### Provided entries ###

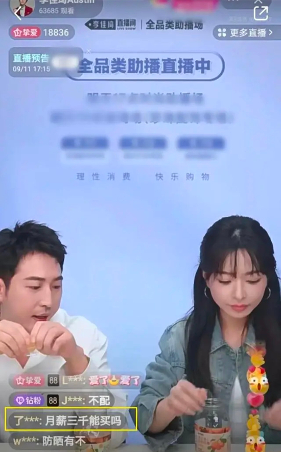 于是,一部分被激怒的网友跑去李佳琦直播间,学他阴阳怪气“月薪三千能买吗?”“工作不努力,不配买”……
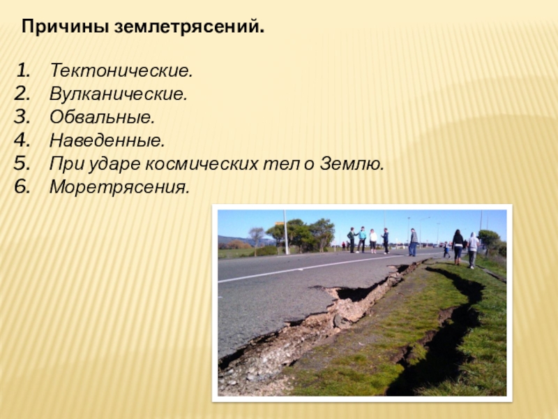 Причины землетрясений.Тектонические.Вулканические.Обвальные.Наведенные.При ударе космических тел о Землю.Моретрясения.
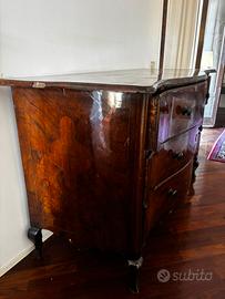 Vendo raffinato cassettone antico fine ’700 / inizi ’800, in radica di noce, con caratteristico fronte mosso e bombato, tipico della produzione lombardo-veneta dell’epoca Luigi XV–XVI.
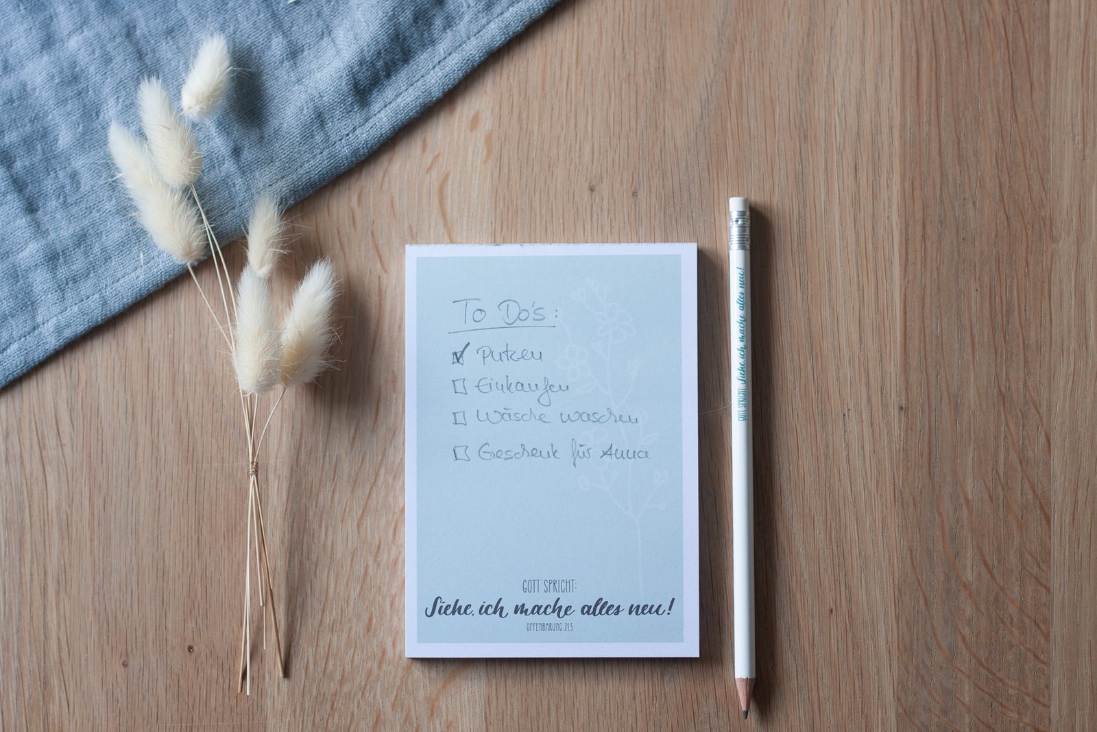 Dieses liebevoll gestaltete Schreibset zur Jahreslosung 2026 ist mehr als nur ein praktisches Set für den Schreibtisch – es ist eine tägliche Einladung, Gott zu vertrauen und Neues zu wagen. Inspiriert von der Jahreslosung aus Offenbarung 21,5 – „Gott spricht: Siehe, ich mache alles neu!“ begleitet es dich durch den Alltag mit Hoffnung, Schönheit und einer leisen Erinnerung an Gottes erneuernde Kraft. Es ist ein kleines, sinnvolles Geschenk mit Tiefe, das Herz und Hand inspiriert.
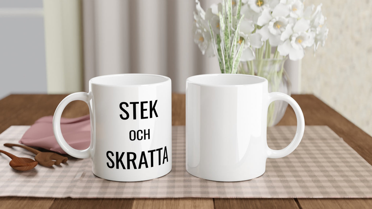 Stek och Skratta – mugg med tryck i stilren, tålig keramik. Perfekt för kaffeälskare som vill ha en personlig mugg med unikt motiv.Tål både diskmaskin och mikrovågsugn och passar lika bra hemma som på kontoret eller som present.
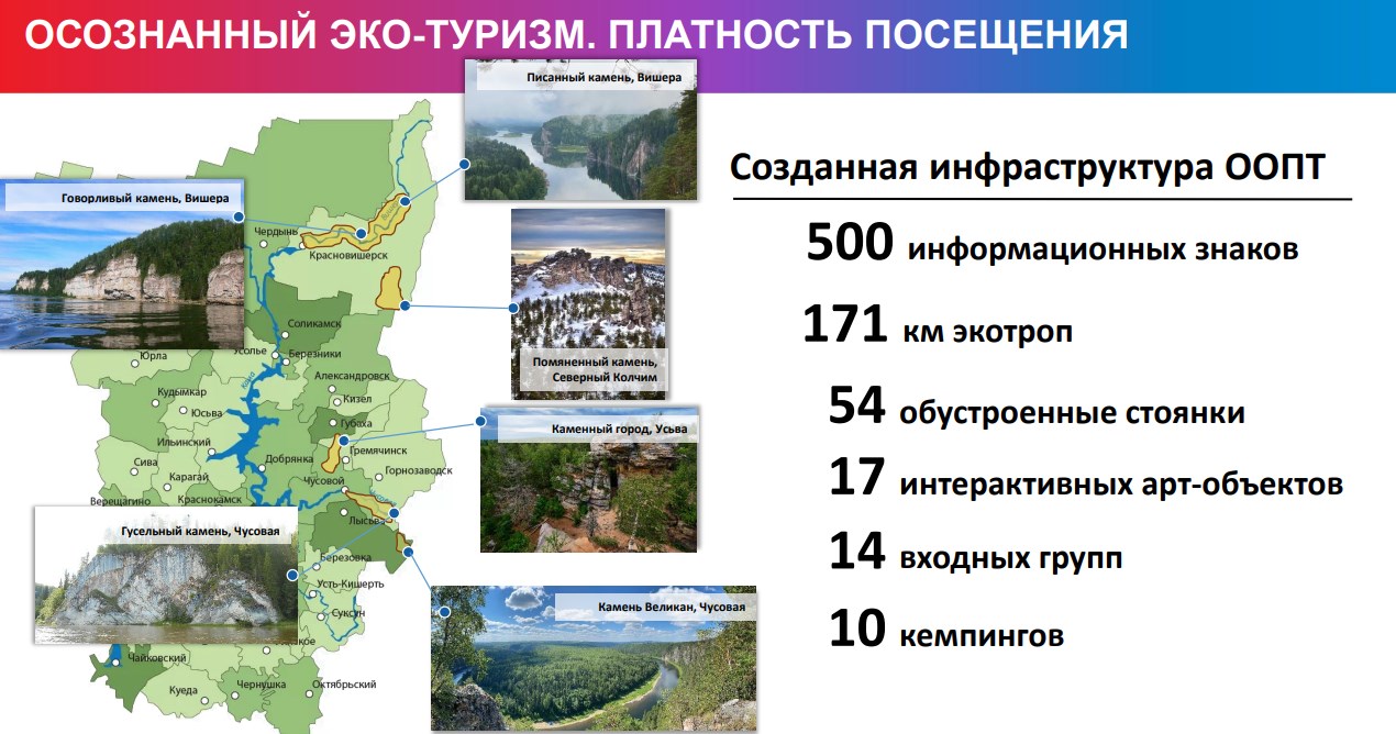 «На сегодняшний день в завершающей стадии находится проектирование комплексного обустройства природного объекта «Каменный город», горы «Ветлан» и Усьвинских столбов. В 2024 году, как и планировали, мы приступим к работам в Каменном городе и на Ветлане. Отремонтируем тропы, установим настилы, лестницы, мостики, ограждения, смотровые площадки, обозначим организованные места отдыха. Также будут обустроены входные группы», — рассказал чиновник.
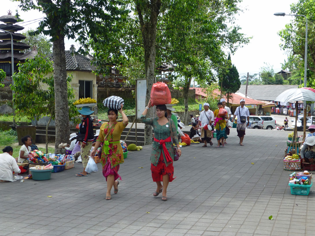 Wir fragen Kerji, warum hier um diese Touristenattraktion die Straßen und Parkplätze so schlecht gewartet werden und die Gebäude und Anlagen so wenig attraktiv aussehen, wo doch hohe Eintrittsgelder verlangt werden und alle von dem Touristenstrom so gut leben können. Er erwidert uns, dass die Dörfer von ihren Einnahmen 50% an den Staat abgeben müssen, sie schicken das Geld nach Jakarta und hoffen vergeblich, dass jemand ihre Dorfstraße erneuert. Die Korruption ist ungeheuer hoch und das Geld verschwindet in unerfindlichen Kanälen. Als wir durch ein Dorf fahren, sehen wir auf einem Feld eine enorme Ansammlung von Mopeds und Männern, die beim Hahnenkampf zuschauen und wetten. Das Polizeifahrzeug vor uns hält links an und unser Reiseleiter, erklärt uns, dass die Polizisten einen Bonus bekommen, damit sie wegschauen und weiterfahren.So biegt halt jeder sein Recht zurecht. Und im Verkehr geht es auch so zu. Einbahnstraßen gelten nur für den, der sie sehen will. Überholverbote oder andere Regeln ebenfalls. Aber seltsamerweise funktioniert es und wir sind total erstaunt, dass wir auf unseren Fahrten keinen einzigen Unfall gesehen haben. Man muss es auch irgendwie der balinesischen Gelassenheit zuschreiben, die sich einfach in die Gegebenheiten fügt und das Beste für sich daraus herausholt.
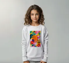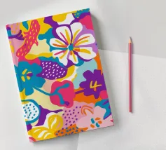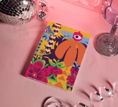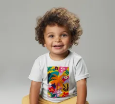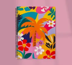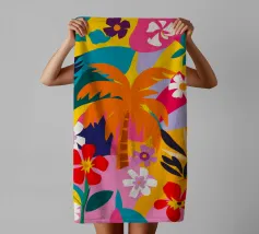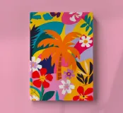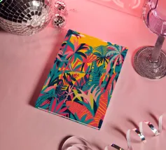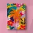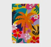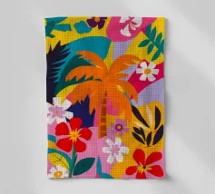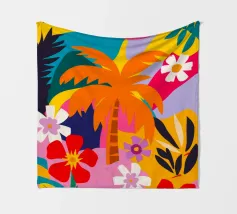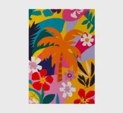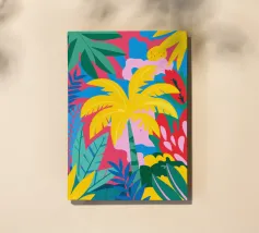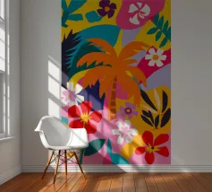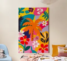 Una scena intensamente vibrante e ricca di fiori tropicali e foglie di palma in un tripudio di colori. Rosa caldo, giallo brillante, arancione e blu intenso creano un'atmosfera festosa ed energica, che celebra l'abbondanza di un paradiso tropicale.
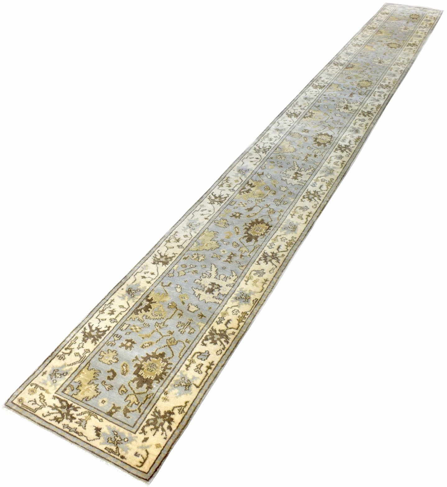 Hand Knotted Brown and Beige Antique Oushak Wool Runner Rug
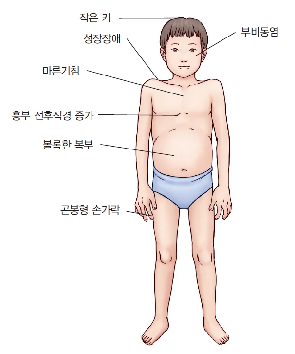 ① 호흡기계: 천명음, 건조하고 마른기침, 폐렴, 기관지염, 곤봉형 손가락, 원통형 흉곽 등
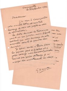 BRAQUE GEORGES (1882-1963) — Lettre autographe signée adressée à une inconnue. — Varangeville, 16 septembre 1932, 2 pages in-4 à l'encre sur papier (trous de classeur).
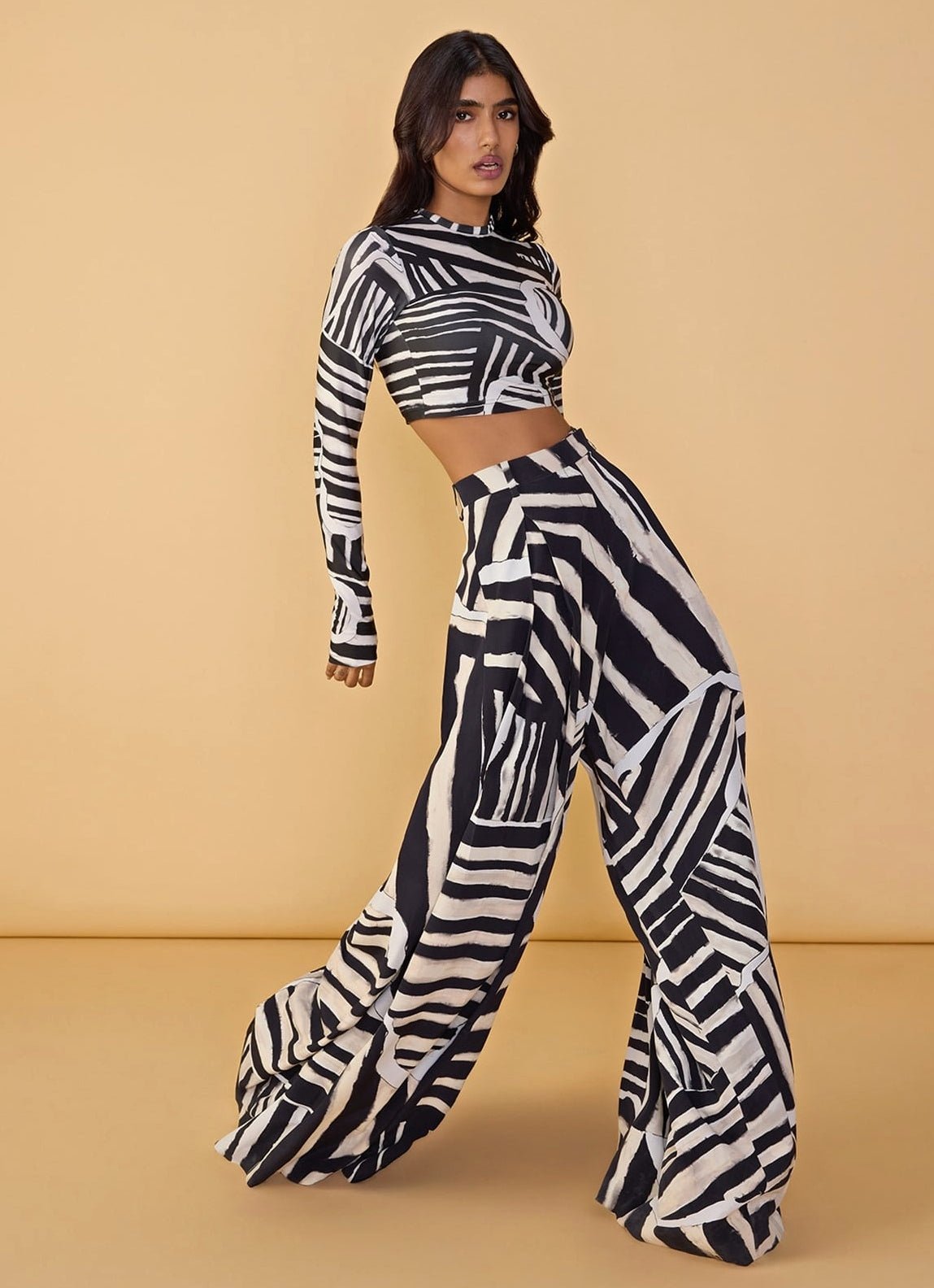 Step into the celebration with the vibrant Black and White Printed Co-Ord Set designed for fun, flair, and festive glamour. The outfit includes an abstract stripe print t-shirt style blouse with long sleeve and boat style neckline. Paired beautifully with matching printed high waist wide leg palazzo pants that adds a contemporary and modern edge to the silhouette.
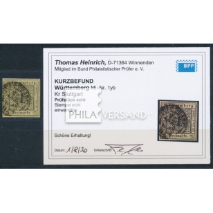 numeral 1851 - 1 Kreuzer stamp on silky paper in perfect used quality and with certificate by Heinrich, BPP
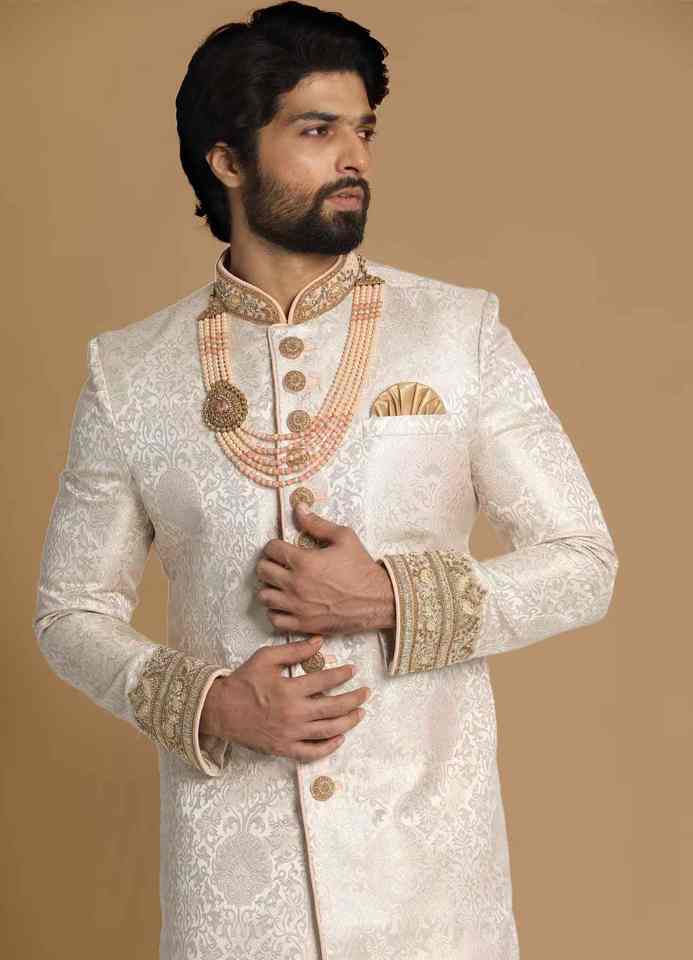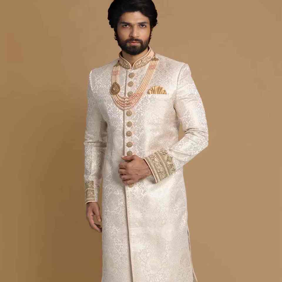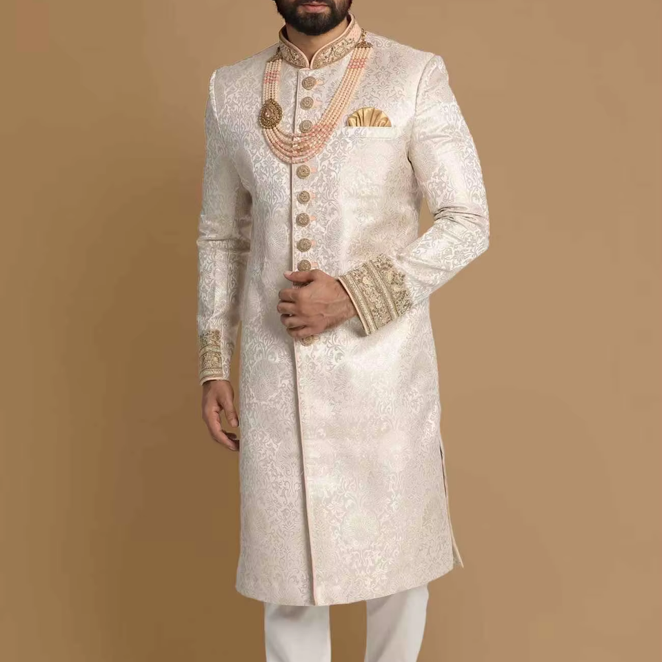 ชุดเชอร์วานีงานแต่งงานสำหรับผู้ชายอินเดียและปากีสถานแบบสั่งตัดพิเศษ ชุดเจ้าบ่าวหรูหราปักลาย ซัลวาร์ คามีซ สวมใส่สบาย ไม่ยับ ป้องกันแสงแดด เหมาะสำหรับงานปาร์ตี้ทุกประเภท
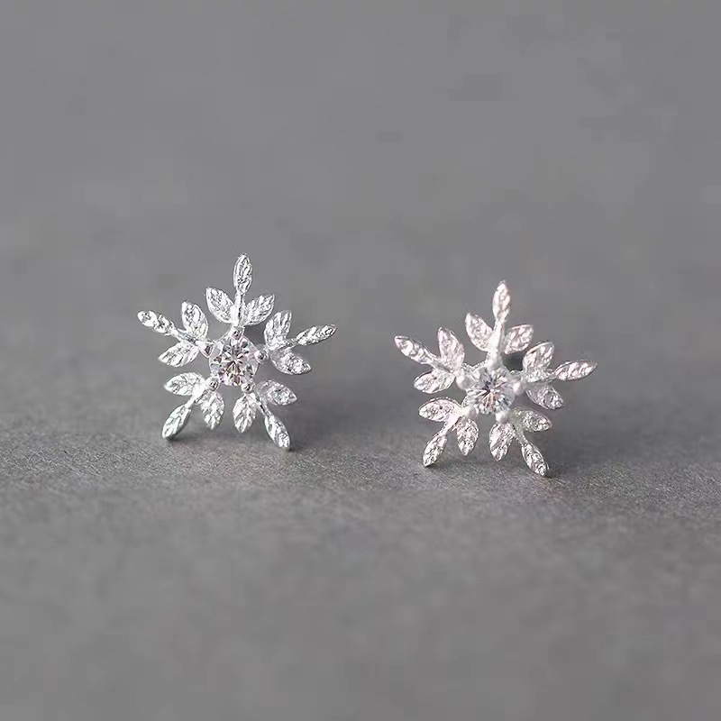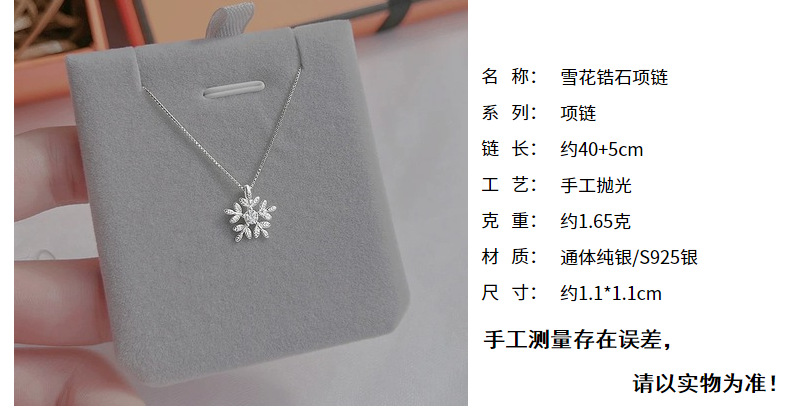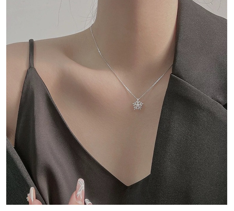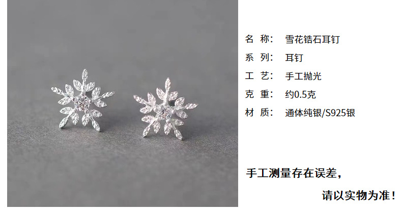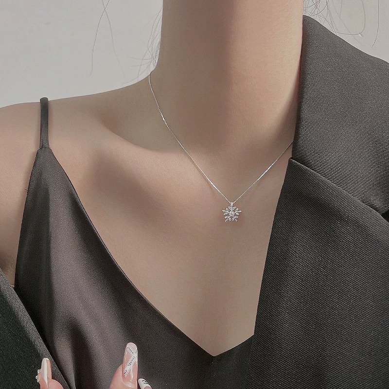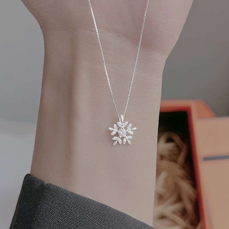S925 Sterling Silver Snowflake Jewelry suit Korean Style Snowflake Earrings Snowflake Wave Ear Line Light Luxury Snowflake Necklace Women
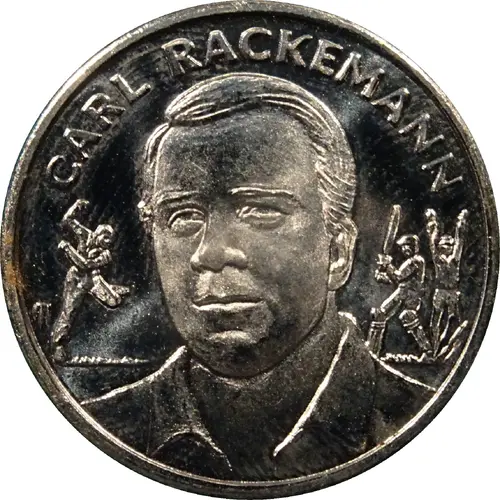 | Obverse description | Bust of Test Cricketer Carl Rackemann with Bowler left and and a Batsman bowled out to the right. |
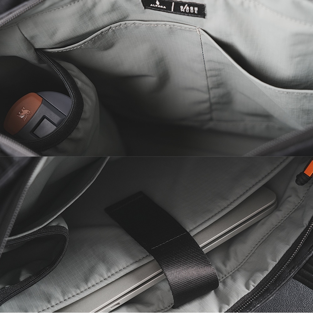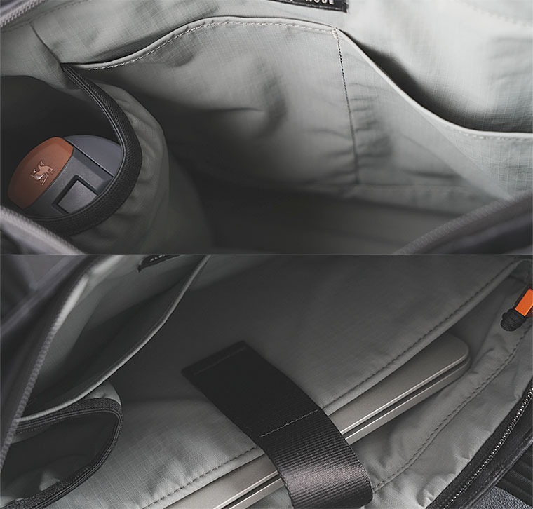 メインコンパートメントにはボトルホルダー、13インチのパソコン用スリーブ付き。
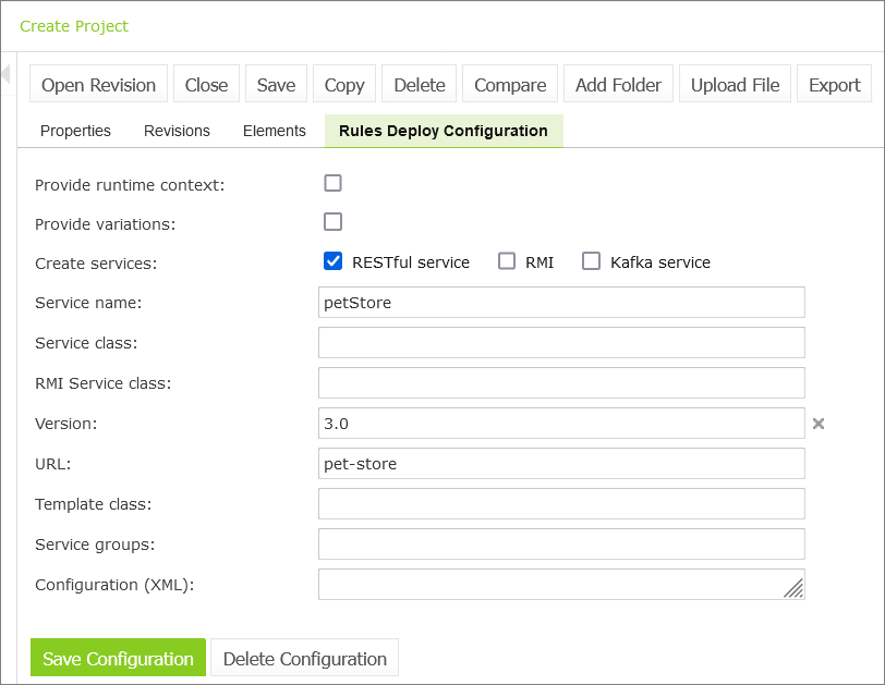 For more information on the Rules Deploy Configuration tab settings configuration, see OpenL Tablets Rule Services Usage and Customization Guide > Service Configurer.

###

**What you need to do**
A verbatim copy of the records is expected, from their first line through the line with "тел о Землю.Моретрясения.", inclusive, with the pictures removed.

**Exercise result**
 于是,一部分被激怒的网友跑去李佳琦直播间,学他阴阳怪气“月薪三千能买吗?”“工作不努力,不配买”……
 Причины землетрясений.Тектонические.Вулканические.Обвальные.Наведенные.При ударе космических тел о Землю.Моретрясения.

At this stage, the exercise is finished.